To move forward with Israel, Saudi Arabia wants to receive a few benefits from the US: arm sales, security guarantees and even a civilian nuclear program with the ability to mine uranium and enrich it domestically.

US diplomats do not hide the fact that the decision on this will need to be made by Biden and that it will depend on more than just US ties with MBS. A normalization deal between Israel and Saudi Arabia would be a huge win for Netanyahu. Does Biden want to give him that right now?

Biden has not held back on his discontent with Netanyahu and his democratically-elected government. He has yet to invite the Israeli premier to the White House and – as long as it is not clear that the coalition’s judicial reform is completely dead and buried – he might not want to.

On the other hand, Biden does need a foreign policy feather in his cap. Until now, the president’s track record in the Middle East does not look great. There was the hasty withdrawal from Afghanistan that enabled the Taliban to quickly take over, and China’s growing role in the region. Brokering a deal between Israel and Saudi Arabia would give the president a big win that could help on the campaign trail.
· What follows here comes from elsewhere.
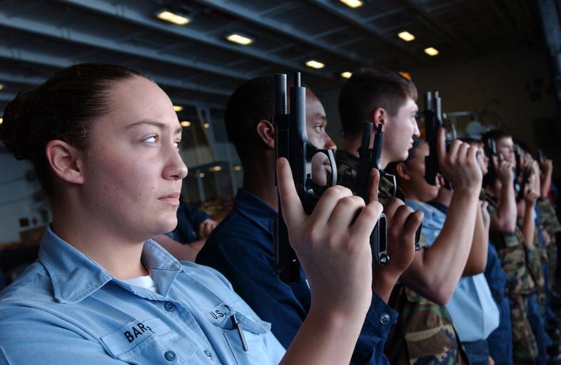 | Keywords: US Navy 040607-N-2788L-072 Sailors temporarily assigned to the Security Department aboard USS Ronald Reagan (CVN 76) await instructions prior to completing a weapons familiarization course.jpg en South Atlantic Ocean Jun 7 2004 - Sailors temporarily assigned to the Security Department aboard USS Ronald Reagan CVN 76 await instructions prior to completing a weapons familiarization course in the ship's hangar bay Reagan is in the South Atlantic Ocean circumnavigating South America during her transit to her new homeport of San Diego Calif while participating in exercises supporting Summer Pulse 2004 Summer Pulse 2004 is the simultaneous deployment of seven aircraft carrier strike groups CSGs demonstrating the ability of the Navy to provide credible combat power across the globe in five theaters with other U S allied and coalition military forces Summer Pulse is the Navy first deployment under its new Fleet Response Plan FRP U S Navy photo by Photographer's Mate Airman Paul H Laverty Jr RELEASED For more information go to <a href http //www cffc navy mil/summerpulse04 htm Target _BLANK >www cffc navy mil/summerpulse04 htm</a> 2004-06-07 040607-N-2788L-072 Navy http //www navy mil/view_image asp id 14945 U S Navy photo by Photographer's Mate Airman Paul H Laverty Jr PD-USGov-Military-Navy Hangar bays of USS Ronald Reagan CVN-76 |

The situation is dynamic, and Netanyahu is doing all he can to move this forward. For him too, a deal with Saudi Arabia would be a huge win and a much-needed distraction from the chaos – caused by the judicial reform, the public protests and the budget talks – that has enveloped his government since it took office at the end of December.

Such a deal has the potential to alter the balance of power in the Middle East. With Israel’s top military officers warning of the possibility of war, a normalization deal would be a better alternative.

The writer is the immediate past editor-in-chief of The Jerusalem Post.